As AI systems become more advanced, ensuring they align with human values and preferences becomes increasingly crucial. Two main approaches have emerged to tackle this challenge:

  • Reinforcement Learning from Human Feedback (RLHF): This method uses human preferences to guide AI behavior but can be resource-intensive and limited in scale.
  • Reinforcement Learning from AI Feedback (RLAIF): This approach uses AI-generated preferences, which can be more scalable but may not always align perfectly with human judgments.

Methodology: CoT-GenRM and STaR-DPO

Our research introduces Chain-of-Thought Generative Reward Models (CoT-GenRM) as a hybrid approach that combines the best of both worlds, with a crucial emphasis on reasoning. Here's how it works:

  1. We start with a large language model (LLM) as a base evaluator.
  2. We incorporate reasoning to improve the model's decision-making process, allowing it to provide justifications for its judgments.
  3. Using a dataset of human preferences, we identify correct and incorrect judgments made by the model, which are then used to fine-tune the LLM to better align with human preferences.

STaR-DPO: A Key Innovation

A key innovation in our approach is the STaR-DPO method, which stands for Self-Taught Reasoner with Direct Preference Optimization. This method combines two powerful techniques:

  • Self-Taught Reasoner (STaR): This iterative approach allows the model to improve its own reasoning capabilities by learning from its previous outputs.
  • Direct Preference Optimization (DPO): This method directly optimizes the language model to align with preference data, simplifying the training process.

Comparison: STaR-DPO vs LLM-as-a-judge

User: Name two animal species that live in the ocean.

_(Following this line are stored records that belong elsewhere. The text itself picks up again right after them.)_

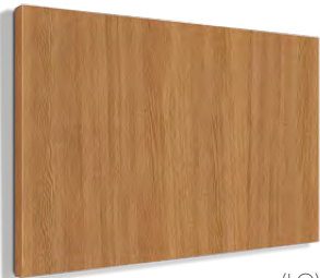
(LO) Light Oak
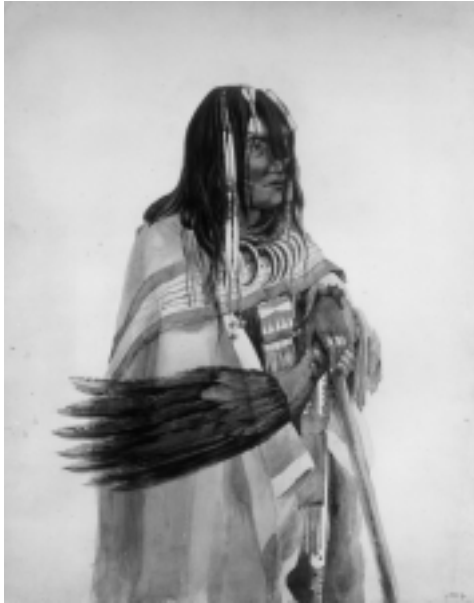
Makuie-Poka, Piegan Blackfeet Man (“Child of the Wolf”). Joslyn Art Museum, Omaha, Nebraska; Gift of Enron Art Foundation.

Pause and think about what the century from the 1730s to the 1830s witnessed in the movement of human actors across the Great Plains stage—the Lakota Sioux expanding steadily from east to west; the shifting locations of Arikara, Mandan and Hidatsa village farmers; the trading visits to those village farmers made by Assiniboine, Cheyenne, Arapahoe and Crow traders; the raiding adventures made by Hidatsas, including the one that scooped up the young woman who became Sacagawea. Then add in the European traders coming down from Canada and up from St. Louis.
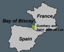
Fig. 1. Location of the two sampling stations.

Two independent Indicator Species Analyses (ISA) were carried out on two taxa matrix (mobile and fixed fauna) using the R package "indicspecies". It provides a set of functions to assess the strength and statistical significance of the relationship between species occurrence/abundance and groups of sites (microhabitats).
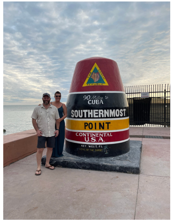
Key West Florida
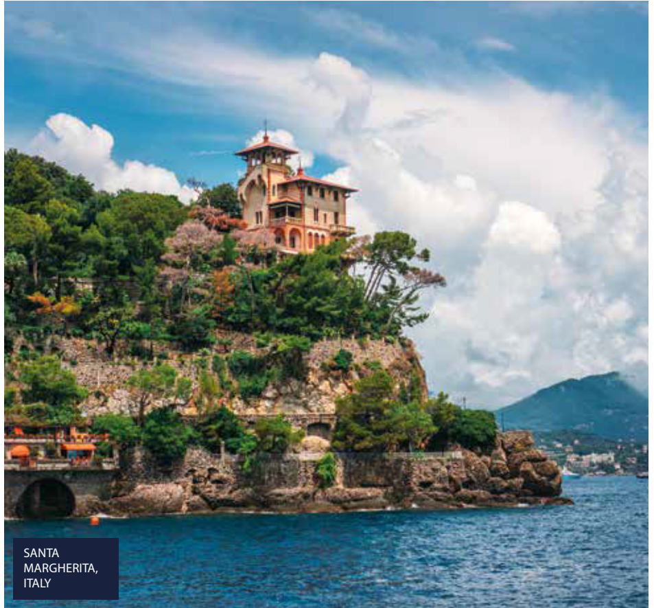
SANTA MARGHERITA, ITALY
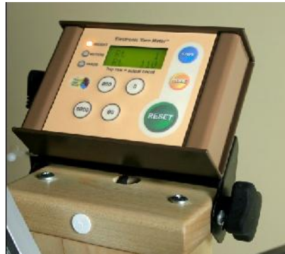
Electronic Rotation Counter
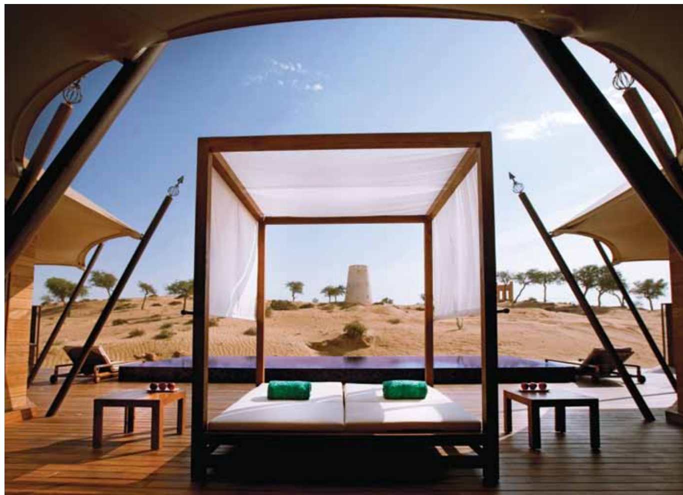
Al Khaimah Tented Pool Villa

Relax in style at the Al Khaimah Tented Pool Villa. Revel under the canopied ceiling of this Bedouin-style desert dwelling and admire the mesmerising Arabesque décor.

[The Start of Assistant A's Answer]
Dolphin and shark.
[The End of Assistant A's Answer]

[The Start of Assistant B's Answer]
Common ocean animals include sharks, whales, and dolphins.
[The End of Assistant B's Answer]

An example where LLM-as-a-judge fails to provide an accurate judgement, but STaR-DPO succeeds. Sentences where critical reasoning takes place are highlighted for emphasis.

Key Findings

Our experiments with CoT-GenRM and STaR-DPO yielded some exciting results:

  • Comparable Performance: CoT-GenRM matches the performance of traditional reward models on in-distribution tasks.
  • Better Generalization: On out-of-distribution tasks, CoT-GenRM significantly outperforms existing methods.
  • Reasoning Matters: The reasoning component in CoT-GenRM significantly boosts performance, especially on complex tasks.
  • Scalability: CoT-GenRM reduces the need for extensive human annotation, making it more scalable for real-world applications.
  • Simplified Training: GenRMs allow for effective training without the need for a separate reward model.

Performance Comparison

UltraFeedback Subsets

UltraFeedback Subsets Graph

Figure 1: Comparing generative reward models with prior reward modeling methods on in-domain (UltraFeedback) data and out-of-domain data (RewardBench). All generative model scores are the result of a majority vote over 32 samples.

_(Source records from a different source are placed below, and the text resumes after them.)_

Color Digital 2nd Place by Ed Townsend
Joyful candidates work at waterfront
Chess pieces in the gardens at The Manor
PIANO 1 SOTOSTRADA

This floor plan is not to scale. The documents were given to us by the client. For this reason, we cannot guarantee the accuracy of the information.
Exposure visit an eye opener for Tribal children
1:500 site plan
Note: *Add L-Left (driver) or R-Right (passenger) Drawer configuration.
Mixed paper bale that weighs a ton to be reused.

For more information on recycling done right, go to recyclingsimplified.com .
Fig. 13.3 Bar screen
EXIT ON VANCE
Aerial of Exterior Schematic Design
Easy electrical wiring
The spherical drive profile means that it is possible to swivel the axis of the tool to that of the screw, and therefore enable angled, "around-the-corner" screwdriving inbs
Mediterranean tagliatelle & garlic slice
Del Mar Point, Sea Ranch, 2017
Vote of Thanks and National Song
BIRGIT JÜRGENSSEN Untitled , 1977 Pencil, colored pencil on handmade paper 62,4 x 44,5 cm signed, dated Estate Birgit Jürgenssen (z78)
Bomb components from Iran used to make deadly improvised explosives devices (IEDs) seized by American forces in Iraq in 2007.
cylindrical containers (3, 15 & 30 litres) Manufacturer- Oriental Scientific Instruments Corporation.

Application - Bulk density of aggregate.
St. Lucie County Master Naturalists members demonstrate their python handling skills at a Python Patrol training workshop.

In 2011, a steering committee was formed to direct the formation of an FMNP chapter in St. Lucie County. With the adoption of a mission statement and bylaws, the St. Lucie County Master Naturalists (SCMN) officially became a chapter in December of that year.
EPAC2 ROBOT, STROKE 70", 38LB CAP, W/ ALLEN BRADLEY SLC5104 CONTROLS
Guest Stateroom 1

Implications and Future Directions

The development of Chain-of-Thought Generative Reward Models and STaR-DPO opens up new possibilities for AI alignment:

  • More Robust AI Systems: Create AI systems that better generalize to new situations and maintain alignment with human values.
  • Efficient Scaling: Allow for more rapid iteration and refinement of AI behavior.
  • Potential for Personalization: Address the challenge of aligning AI with diverse and potentially conflicting human views.
  • Improved Reasoning Capabilities: Pave the way for AI systems that can continually improve their own reasoning and decision-making processes.

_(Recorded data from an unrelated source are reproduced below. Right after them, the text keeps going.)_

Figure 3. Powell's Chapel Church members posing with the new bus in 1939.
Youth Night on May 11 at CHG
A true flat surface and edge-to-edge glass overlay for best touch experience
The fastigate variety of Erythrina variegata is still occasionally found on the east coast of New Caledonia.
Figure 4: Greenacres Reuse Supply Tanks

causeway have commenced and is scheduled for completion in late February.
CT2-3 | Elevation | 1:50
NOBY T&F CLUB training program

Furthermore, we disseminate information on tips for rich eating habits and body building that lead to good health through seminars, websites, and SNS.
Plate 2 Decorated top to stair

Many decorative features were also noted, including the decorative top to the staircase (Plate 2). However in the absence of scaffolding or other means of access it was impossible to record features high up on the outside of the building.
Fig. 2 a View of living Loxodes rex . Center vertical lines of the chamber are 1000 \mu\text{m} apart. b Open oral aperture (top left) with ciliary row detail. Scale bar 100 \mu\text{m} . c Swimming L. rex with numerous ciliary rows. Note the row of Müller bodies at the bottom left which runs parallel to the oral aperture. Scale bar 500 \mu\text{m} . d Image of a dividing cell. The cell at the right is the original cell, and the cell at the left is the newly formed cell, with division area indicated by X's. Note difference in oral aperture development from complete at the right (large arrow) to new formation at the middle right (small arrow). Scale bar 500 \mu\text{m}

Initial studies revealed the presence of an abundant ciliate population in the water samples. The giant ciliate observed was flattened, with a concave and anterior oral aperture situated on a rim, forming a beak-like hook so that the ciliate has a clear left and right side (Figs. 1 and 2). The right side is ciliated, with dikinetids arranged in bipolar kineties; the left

Future Research Directions

  • Refining post-rationalization techniques to improve the quality of AI-generated reasoning.
  • Investigating online optimization methods for real-time adaptation to new feedback.
  • Extending CoT-GenRM and STaR-DPO to handle multimodal tasks.
  • Addressing robustness in adversarial settings.
  • Exploring the potential of STaR-DPO for continuous learning and adaptation in deployed AI systems.